* [Given material]:
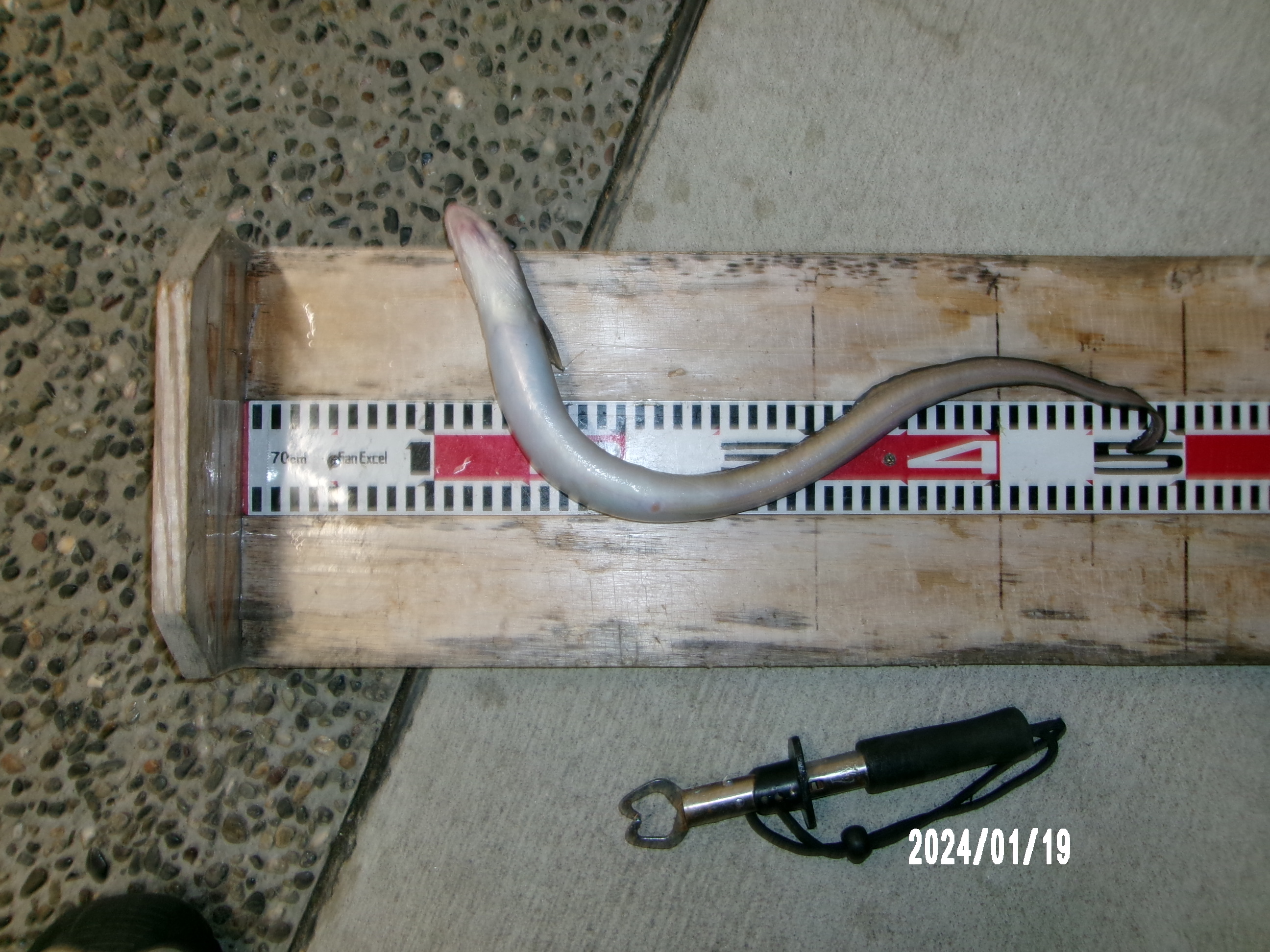 18時頃、ハゼ22㎝が釣れました。餌は、イソメです。アナゴも釣れました。大きさは52㎝で、エサはキビナゴです。
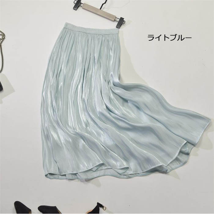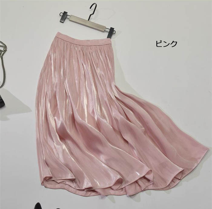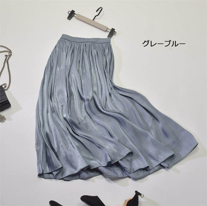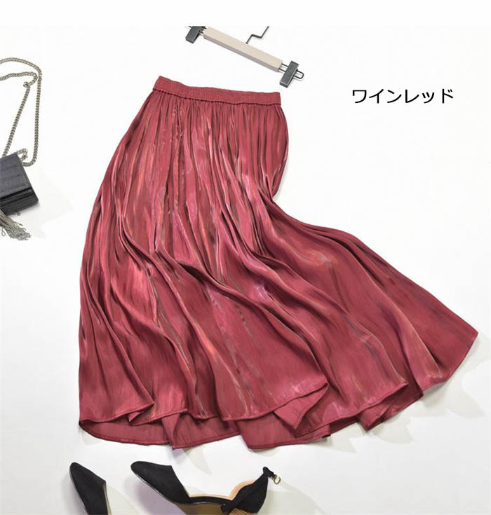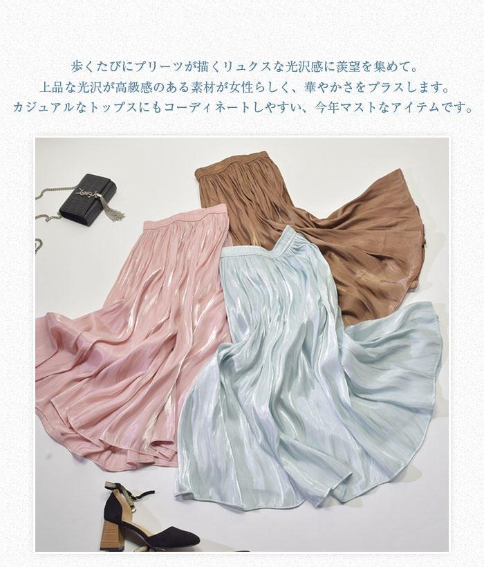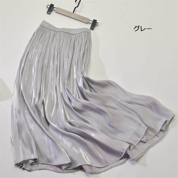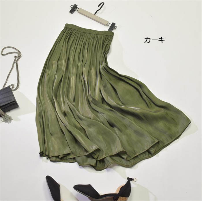 光沢感 プリーツスカート フレアスカー
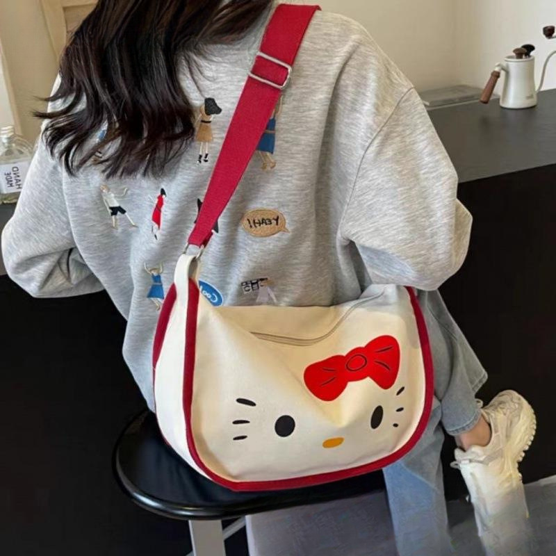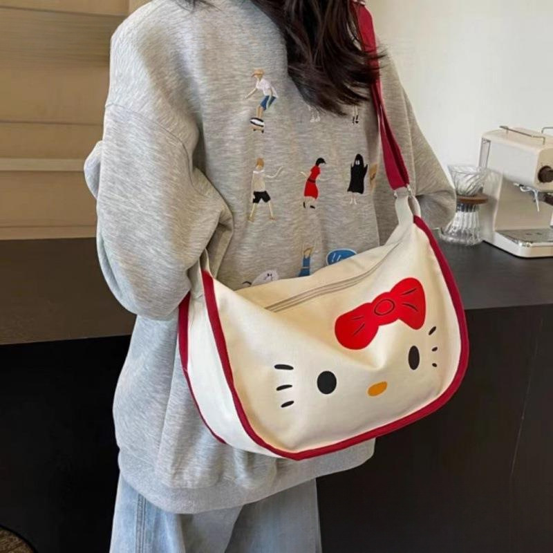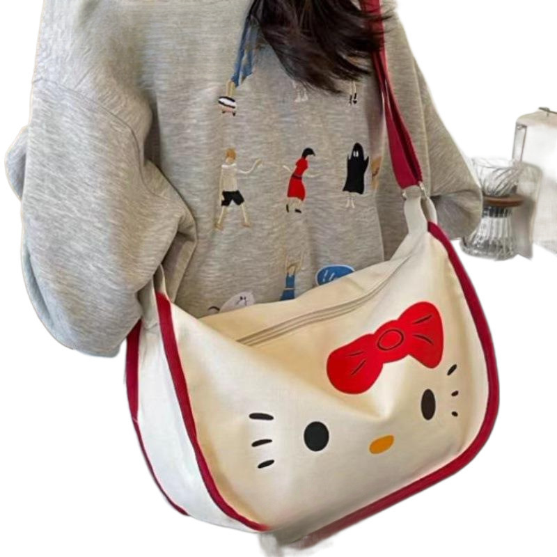 日系卡通帆布包女新款小众设计可爱上课百搭单肩马鞍包斜挎饺子包

* [Assignment]: All of the data, minus its pictures, should be repeated exactly.

* [Answer to this exercise]:
 18時頃、ハゼ22㎝が釣れました。餌は、イソメです。アナゴも釣れました。大きさは52㎝で、エサはキビナゴです。
 光沢感 プリーツスカート フレアスカー
 日系卡通帆布包女新款小众设计可爱上课百搭单肩马鞍包斜挎饺子包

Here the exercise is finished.